VICIK VICIK
Aklıma nereden takıldı. Takıntıya dönüşmeden aklımın yaralarını onarmalıyım. Küçük şeyleri dert etmeden yaşama katılmak elbette mümkün.
“Küçük şeyler”le yaşam bir bütün. Parçayı, bütünden ayrı saymak, ne mümkün?. Karamsarlıklar içinde değilim. İnsanın çevresini tüm karamsarlıklar sarınca, çıkış bulmanın zorluklarını sorgulamak hakkımdır diyerek, tuşları gıdıklıyorum.
Türkülerimiz zihin yorgunluğumu alıyor. Bu hafta zihnimi tatile gönderdim. Aklımı kuma gömdüm. Gözlerime çaput bağladım. Şapkamı astım duvara. Kulaklarımı verdim kiraya. Açtım gökyüzünün musluklarını. Suyunu saldım doğaya. Gökyüzünün gözyaşları sel oldu, döndü bizim tarlaya. Tüm güzel düşünce tarlam; vıcık vıcık, çamur deryasına döndü. Tutturdum bir türkü kendi kendime;
“tarlaya ektim soğan bitmedi yedi doğan,
Pek mi güzel oluyor senin anandan doğan.”
Kulaklarıma ulaşan seslerle uyandım rüyamdan.
Kulakları çınlasın,okul arkadaşım Abdülcabbar arkadaşı Nurettin’i sahura kaldırmak için telaş içinde, 39 yıl önce.
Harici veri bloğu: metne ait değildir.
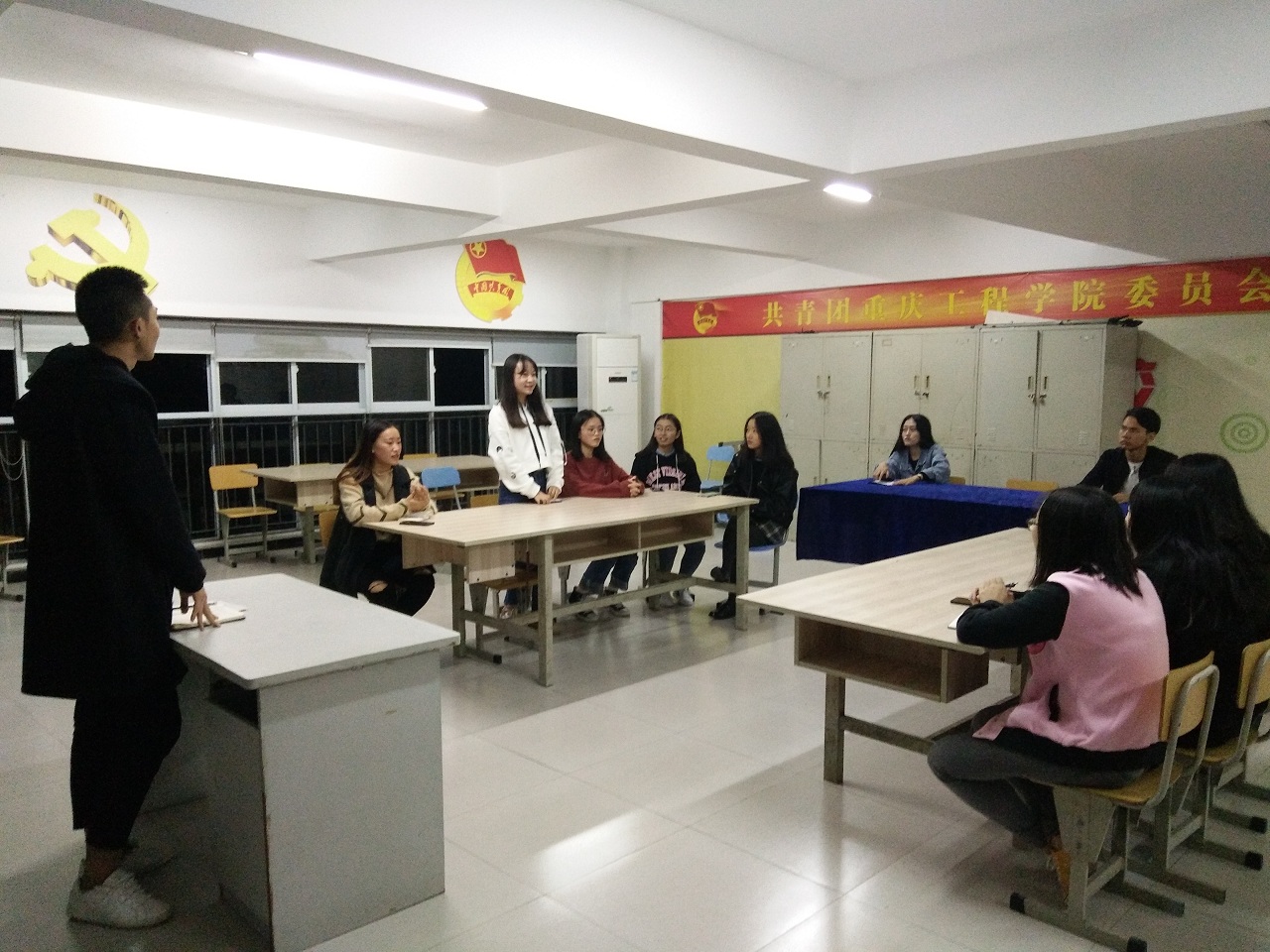 本网讯(文/傅相美 图/周广) 为提高学生会宣传部新闻采写能力和新媒体运营水平,促进校院两级工作的沟通与交流。校学生会宣传部于2018年10月14日晚20:30在大学生服务中心二楼学生会办公室牵头组织了交流研讨会,各二级学院学生会宣传部参与本次议会。

“ Gag gag Nurettin!.. yediyle yediyle galmadi… Gag gag Nurettin!.. yediyle yediyle galmadi…” Diyerek yalvarış içinde.
Şimdi sıra sizde sorgulamak sırası. Yiyen kim? Yenilen ne? Bir başka biçimde sorabilirsiniz yiyenle kimler? Yenilenler neler? Devamında; soyan, soyulan, alan, satan, var olan, yok olan, zengin olan, yoksul kalan, evsiz kalan, barksız kalan, aç olan, tok olan, uçanlar kaçanlar, sadakaya muhtaç edenler, edilenler, sonunda yaratılan bir sadakalar diyari…Bu DİYARİ yaratan büyüklerimiz SAĞOLSUNLAR.
Basın öyle diyo ben görmedim, duymadım, BİLMİYOM söyleyenlerin yalancısıyıVallahi, tallahi Sayın Hakimim suçum, vebalim yok. Takdir sizidir.